Certes, il s'agit d'un « exercice littéraire », où, précise Véronique Ovaldé, «j'avais toute liberté pour écrire, et où j'étais dans une relation classique d'auteur à éditeur. Cela m'a amusée d'écrire sur l'optimisme, je ne l'ai pas vécu comme un placement de produit.»«Si la marque est subtilement intégrée au récit, et que celui est conforme au style de l'auteur, l'opération se tient», estime Jean-Marc Lehu, professeur de marketing à Paris-I.

Mais de fait, cette initiative ouvre une brèche. Après le cinéma, la télévision, les jeux vidéo et la musique, le dernier bastion culturel, la littérature, cèderait-il à son tour à la tentation du placement de produits? Certes, Réjouissez-vous! n'est pas le premier cas. Pour nombre d'auteurs, l'accumulation de citations de marques dans le récit prend sens, tel Bret Easton Ellis et ses yuppies hyperconsommateurs dans American Psycho.

Outre-Atlantique, la pratique, contrats avec des marques à l'appui, suscite moins de tabous. En 2001, Fay Weldon publiait The Bulgari connexion, comportant une scène mentionnant le fameux bijoutier. En 2006, la série Cathy's Book, des livres dans la lignée de Sex and the city, mettait en scène nombre de marques, avec «contrat de partenariat» publicitaire avec les cosmétiques Cover Girl.

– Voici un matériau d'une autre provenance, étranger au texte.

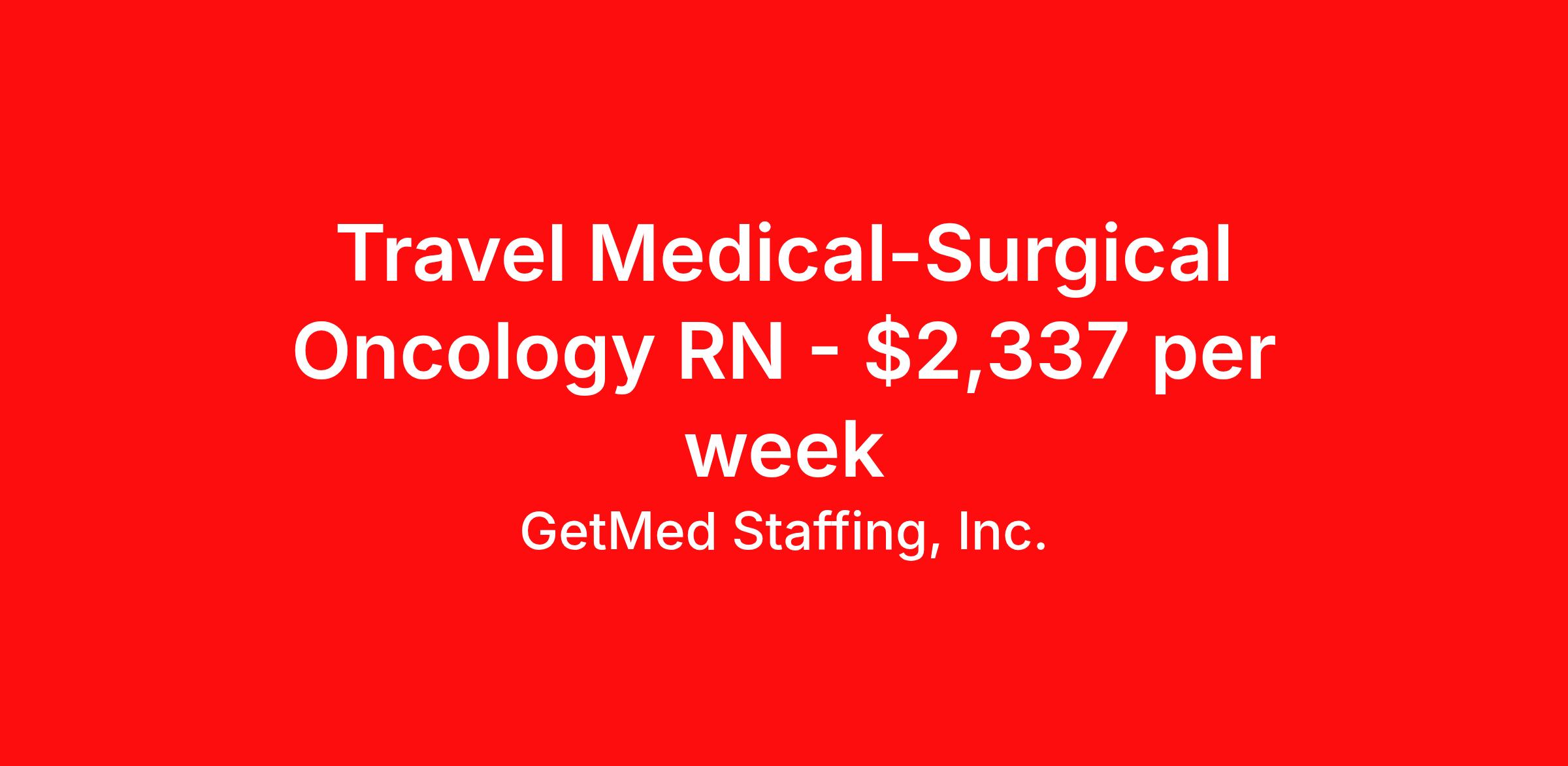 GetMed Staffing, Inc. is seeking a travel nurse RN Med Surg for a travel nursing job in Memphis, Tennessee. Job Description & Requirements Specialty: Med Surg Discipline: RN Start Date: 04/20/2026 Duration: 13 weeks 48 hours per week Shift: 12 hours, nights Employment Type: Travel GetMed Staffing is searching for a strong MedSurg RN to assist our traveler-friendly client. A minimum of 1-2 years of experience is required. Traveling with GetMed Staffing offers the unique opportunity to gain diverse experiences, both personally and professionally. Gain experience that matters. GetMed Staffing, Inc. Job ID 35899006. Pay package is based on 12 hour shifts and 48.0 hours per week (subject to confirmation) with tax-free stipend amount to be determined. Posted job title: RN:MedSurg,19:00:00-07:00:00 About GetMed Staffing, Inc. We are a diversity owned company, specializing in healthcare recruiting services. We truly understand how important a healthcare travelers' relationship is with their recruiter, as well as our relationship is with our healthcare facilities. We recognize that the needs of our healthcare travelers can vary, and therefore we provide the personalized touch necessary to ensure a successful travel assignment each and every time. Our healthcare facilities and clients benefit from us putting our healthcare travelers first. GetMed Staffing is excited to be a leader within the industry by focusing on providing healthcare travelers with more choices and possibilities as they plan for their next healthcare travel assignment. Benefits Life insurance Medical benefits Dental benefits Vision benefits 401k retirement plan
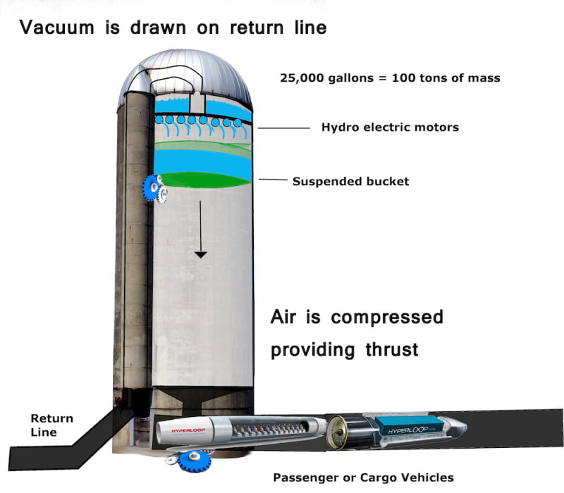 My idea to Create the Future of transportation, is to link urban centers and help eliminate traffic and pollution by employing renewable energy and one of the most powerful forces in nature, falling water, to operate a Hyperloop. The idea is to elevate water by pumping it to a high point using solar energy and then using that mass, volume, and pressure of the water as stored energy for propulsion, electrical generation, compression and suction too.

En France, en novembre 2009, Flammarion publiait Disneyland, recueil de neuf nouvelles rédigées par Nicolas Rey, David Abiker, Tania de Montaigne... Ces derniers avaient été invités préalablement à passer un weekend à Disneyland Paris.

Véronique Ovaldé elle-même a signé en 2010 une nouvelle commandée par le château de Pommard, publiée dans un beau livre (ed. Albin Michel), ou encore en 2009 une nouvelle publiée par Ikea dans un ouvrage collectif (non-diffusé en librairies), dédié aux 30 ans des bibliothèques Billy. Et elle prépare actuellement une nouvelle pour une grande marque de luxe.